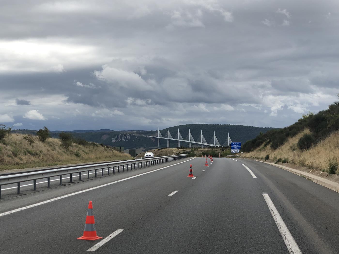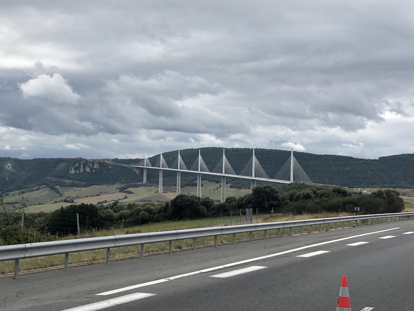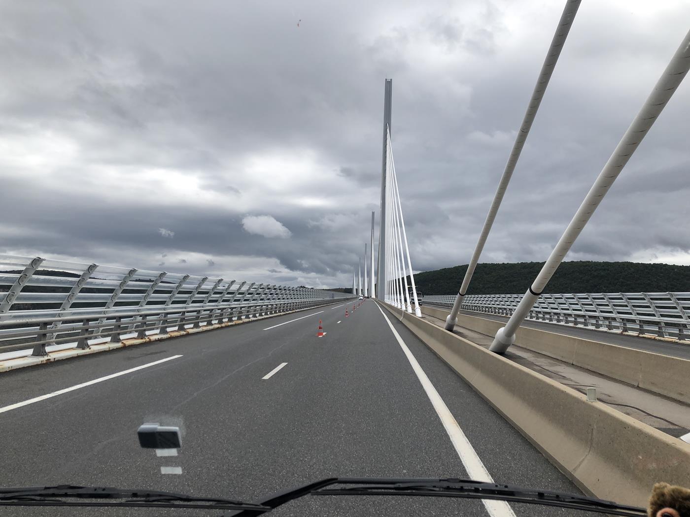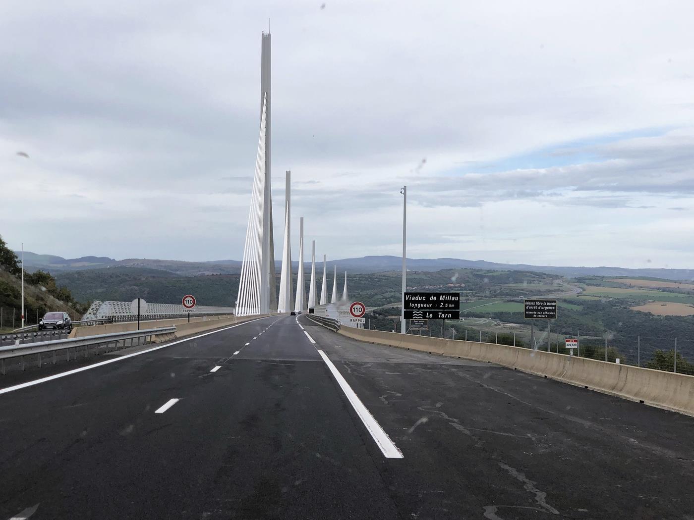 Etwa zwei Stunden später fahren wir über den Viaduc de Millau. Er ist mit 2460m die längste Schrägseilbrücke der Welt.
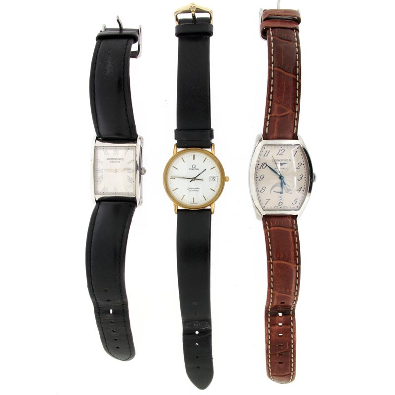 A Longines Evidenza steel wristwatch, the guilloche decorated tonneau dial with black Arabic numerals, swing seconds hand, date aperture and power reserve indication, automatic movement, leather band, Longines case. A Raymond Weil rectangular faced steel wristwatch, quartz movement, leather band, Raymond Weil case. An Omega Seamaster steel wristwatch, quartz movement and date aperture, Omega case.
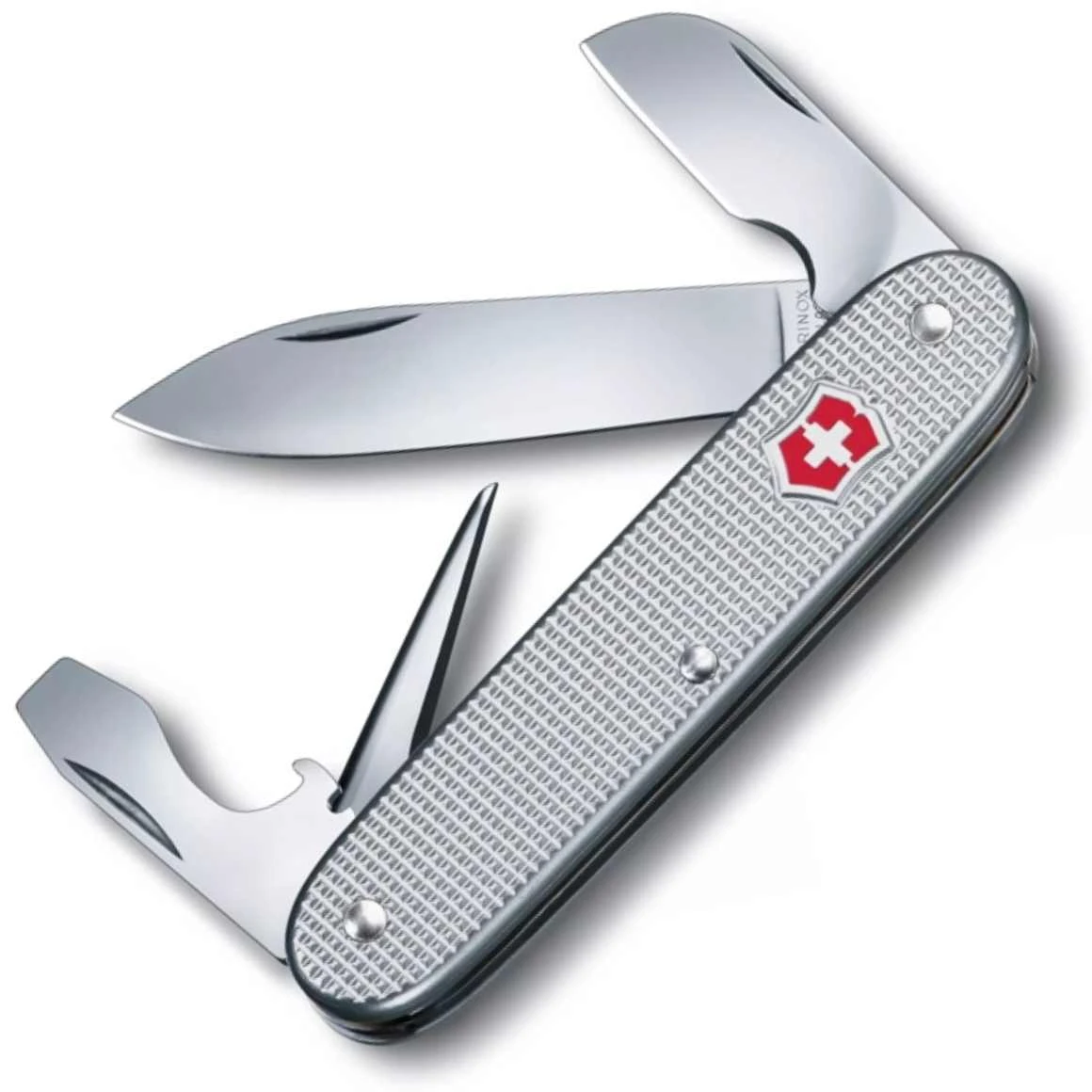 Ein kleines Schweizer Taschenmesser mit einem silbernen Aluminiumgriff.
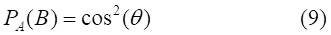 Но этого нельзя сказать о втором измерении. Его результат явно зависит от результата первого измерения. Второе событие (событие В) никогда не наступит, пока не наступит первое! А в чем состоит оно, это второе событие? Правильным следует считать такое определение второго события: «Регистрация второго фотона в + канале регистратора, который повёрнут под углом к первому регистратору при условии, что первый фотон был зарегистрирован в + канале регистратора», то есть, когда событие А наступило. В такой формулировке событие В является условно зависимым от события А. Вероятность этого события равна:
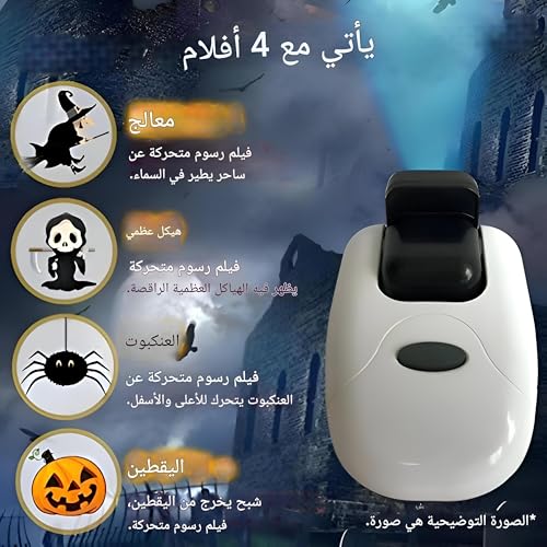 - يأتي مصباح البروجكتور هذا بطابع الهالوين للأطفال مع أربعة أفلام رسوم متحركة، مما يخلق تجربة سحرية من خلال عرض رسوم الهالوين المتحركة الساحرة على الجدران أو الأسقف، وهو مثالي للحفلات، أو تزيين المنزل، أو إضافة لمسة مخيفة لأمسياتك.
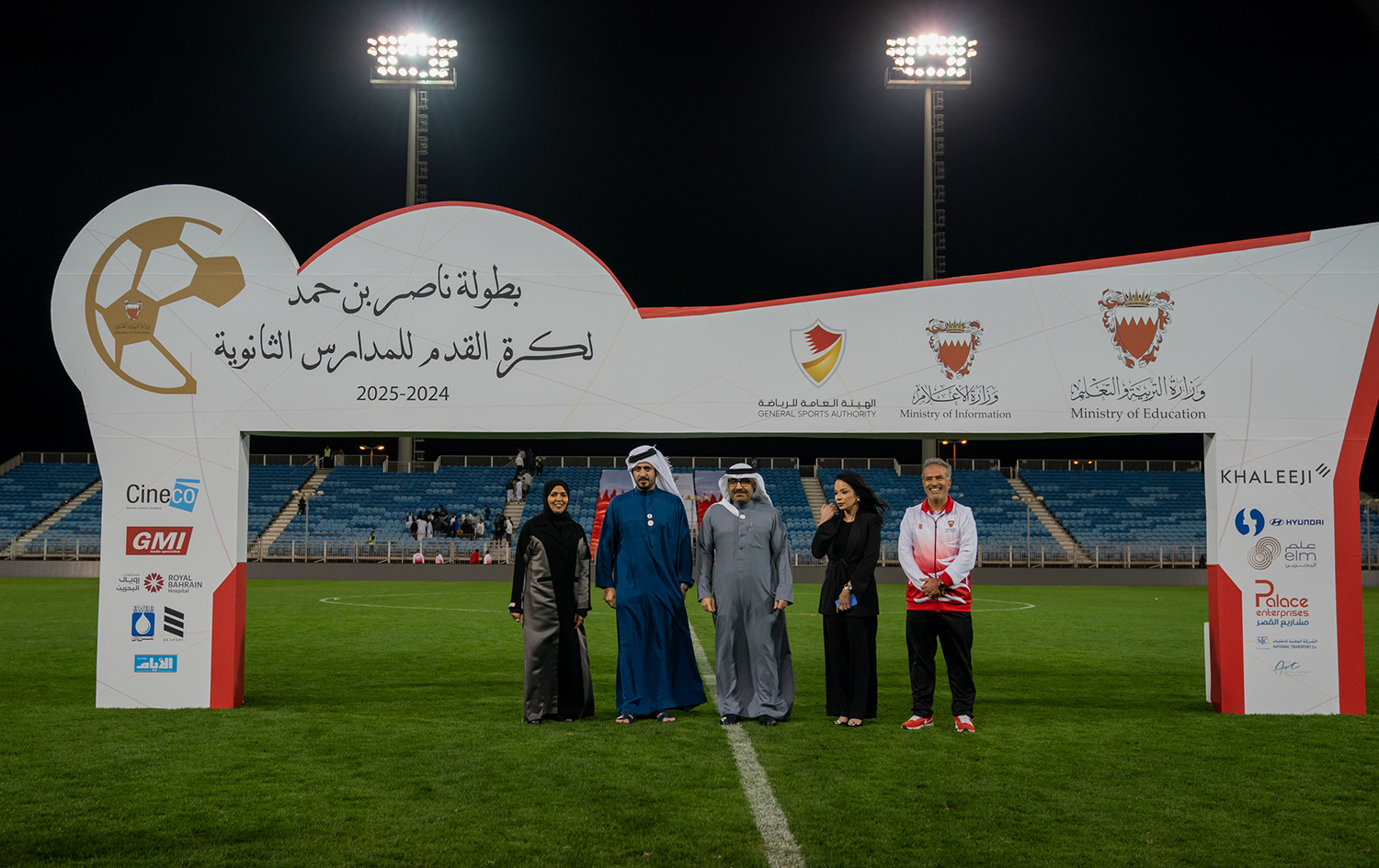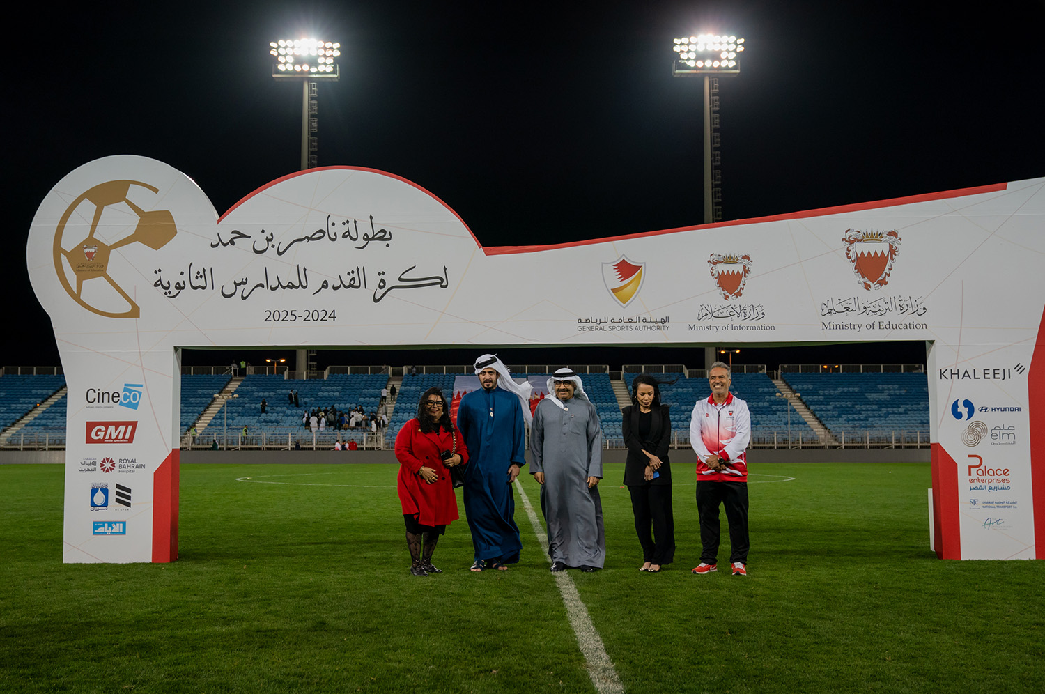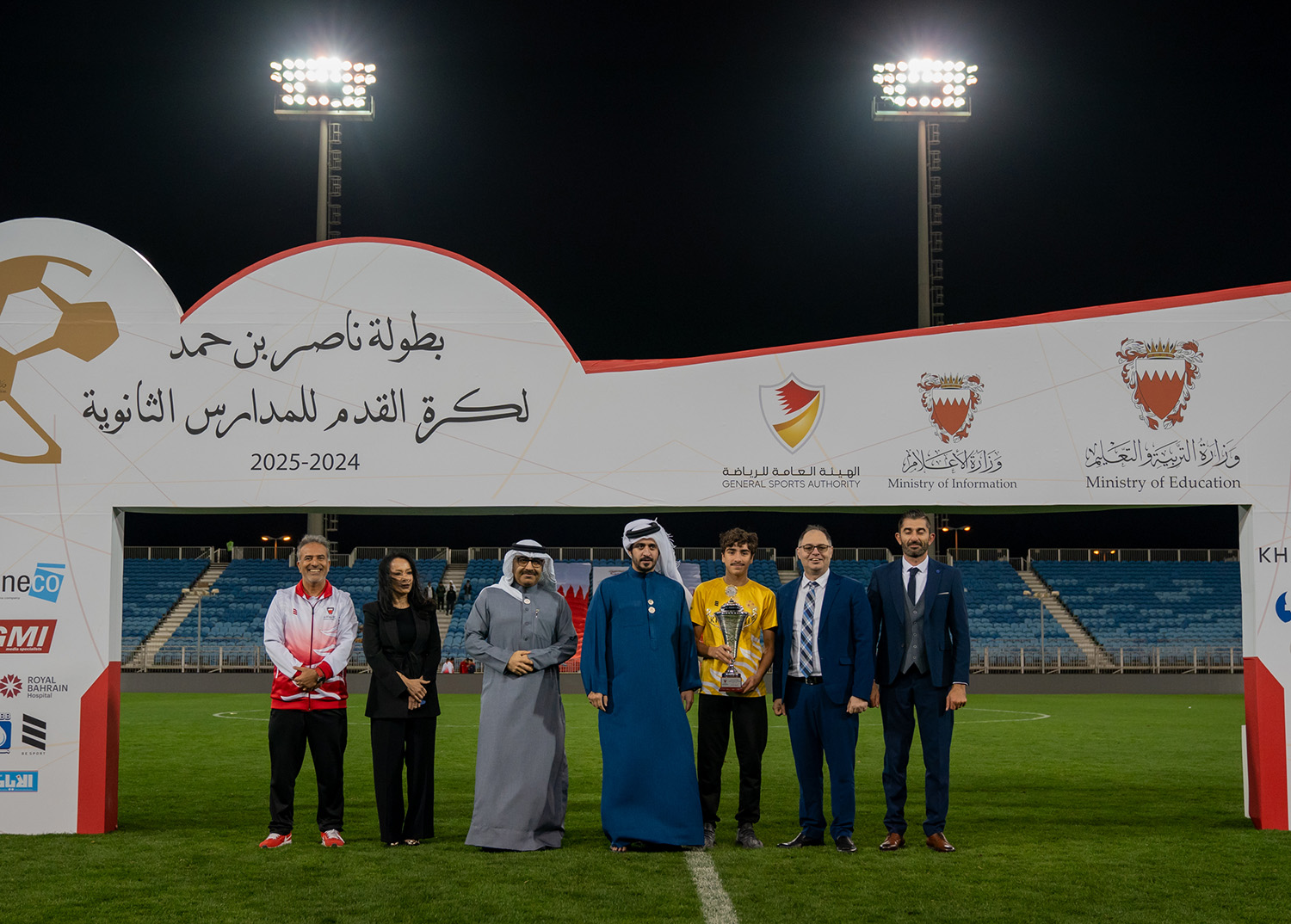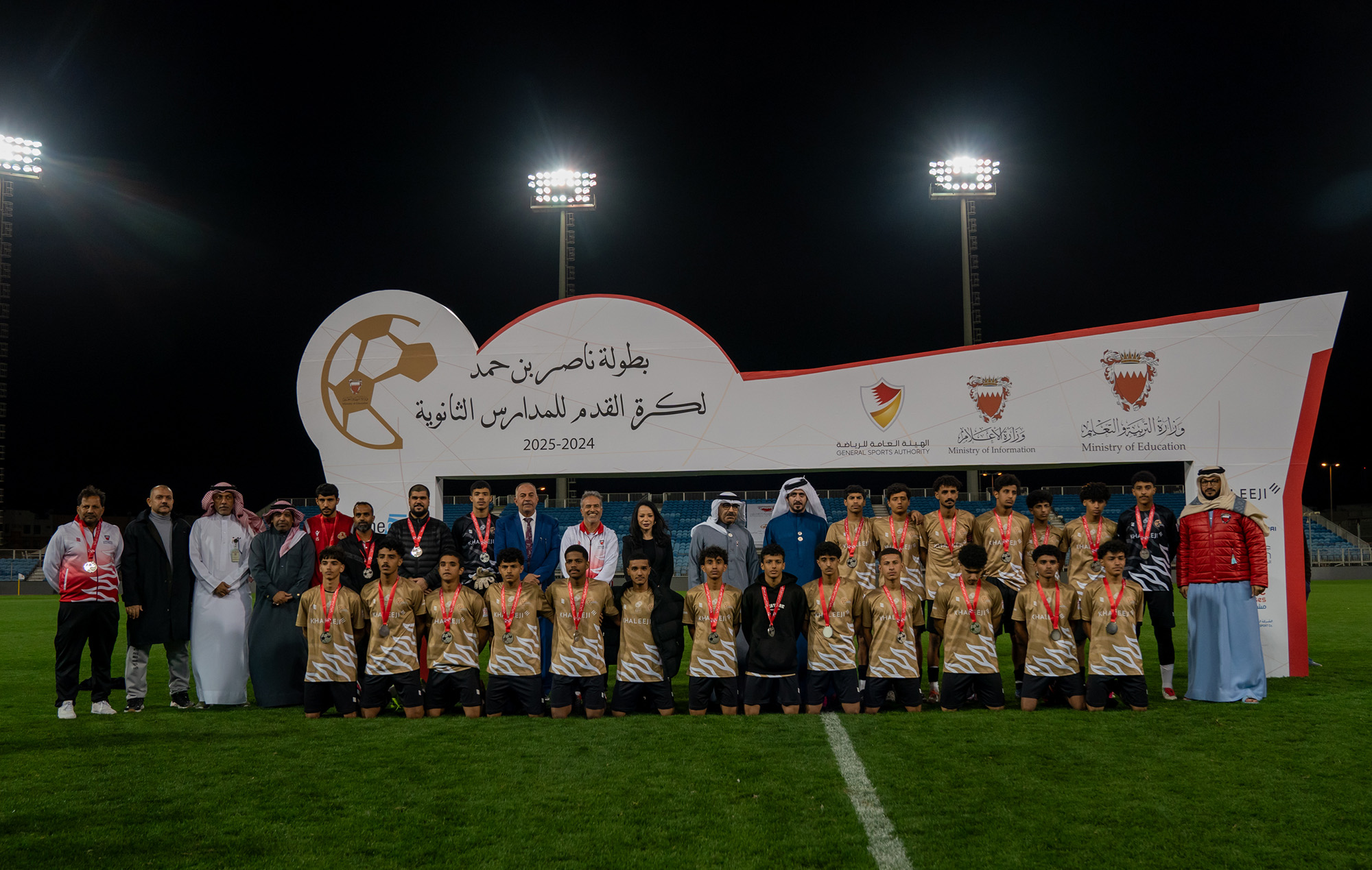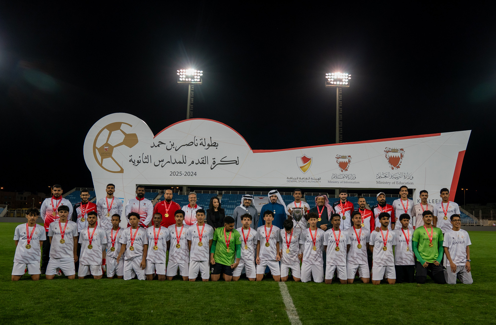 برعاية كريمة من سمو الشيخ ناصر بن حمد آل خليفة ممثل جلالة الملك للأعمال الإنسانية وشؤون الشباب رئيس المجلس الأعلى للشباب والرياضة، وبحضور سمو الشيخ خالد بن حمد آل خليفة النائب الأول لرئيس المجلس الأعلى للشباب والرياضة رئيس الهيئة العامة للرياضة رئيس اللجنة الأولمبية البحرينية، أقامت وزارة التربية والتعليم المباراة النهائية لبطولة ناصر بن حمد لكرة القدم للمدارس الثانوية للعام الدراسي 2024-2025م.

____________________

§ Description of the task
Skip the pictures. Restate exactly the lines from the start of the entries through the line containing "Ein kleines Schweizer", both ends included.

§ Written solution
 Etwa zwei Stunden später fahren wir über den Viaduc de Millau. Er ist mit 2460m die längste Schrägseilbrücke der Welt.
 A Longines Evidenza steel wristwatch, the guilloche decorated tonneau dial with black Arabic numerals, swing seconds hand, date aperture and power reserve indication, automatic movement, leather band, Longines case. A Raymond Weil rectangular faced steel wristwatch, quartz movement, leather band, Raymond Weil case. An Omega Seamaster steel wristwatch, quartz movement and date aperture, Omega case.
 Ein kleines Schweizer Taschenmesser mit einem silbernen Aluminiumgriff.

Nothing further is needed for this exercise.